Market Monitor Construction Singapore 2018

市場監測

  • 新加坡
  • 建築

2018年02月13日

Smaller contractors continue to suffer from tight cash flow and deteriorating margins due to a lack of projects and higher labour and rental costs.

  • Singapore’s construction sector value added shrunk in 2017 (down 6.1%) due to a subdued performance in private construction, steming from continued lower demand, less favourable economic conditions and bigger supply of already completed private housing projects and offices. SME contractors continue to suffer from tight cash flow and deteriorating margins due to a lack of projects, increasing competition, and higher labour and rental costs.
  • Public construction accounted for about 70% of building activity in 2017 (60% in 2016), following the government’s higher spending on infrastructure and civil engineering contracts (worth between SGD 20 billion and SGD 24 billion, up from SGD 15.9 billion in 2016). In order to support the industry and give a boost to troubled smaller contractors the government announced it will spend SGD 1.4 billion over the next two years to upgrade walkways and renovate community centres, sports halls, police stations, etc.
  • Singapore´s construction businesses are heavily reliant on banks for loans and project funding. Despite a more difficult outlook for the Singaporean banking sector as a result of lower growth in China and a less favourable domestic economic outlook, bank lending remains non-restrictive to the construction sector for the time being.
  • Payment duration in the industry is 60-120 days on average. Payment morality slowly deteriorated in 2017, and this negative trend is expected to continue in H1 of 2018. According to the Singapore Commercial Credit Bureau (SCCB) construction is the only sector that registered a year-on-year rise in the number of slow payments (up from 50.82% in Q3 of 2016 to 53.3% in Q3 of 2017).
  • The protracted default rate in the construction industry remains high.
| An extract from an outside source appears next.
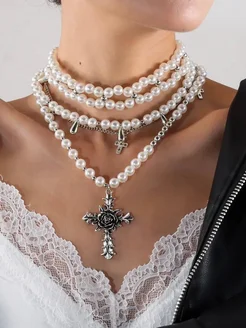 Жемчужное ожерелье многослойное чокер с крестом 3 в 1 y2k

At least the number of businesses under liquidation has decreased year-on-year by about 15%, as banks are more prone to accept restructuring options as opposed to resorting to liquidation.
  • In 2018 the decline is expected to ease on the back of continuous public investment in the sector. While our underwriting stance is generally open for businesses related to public sector construction we are more cautious about the private building segment and SME contractors in general.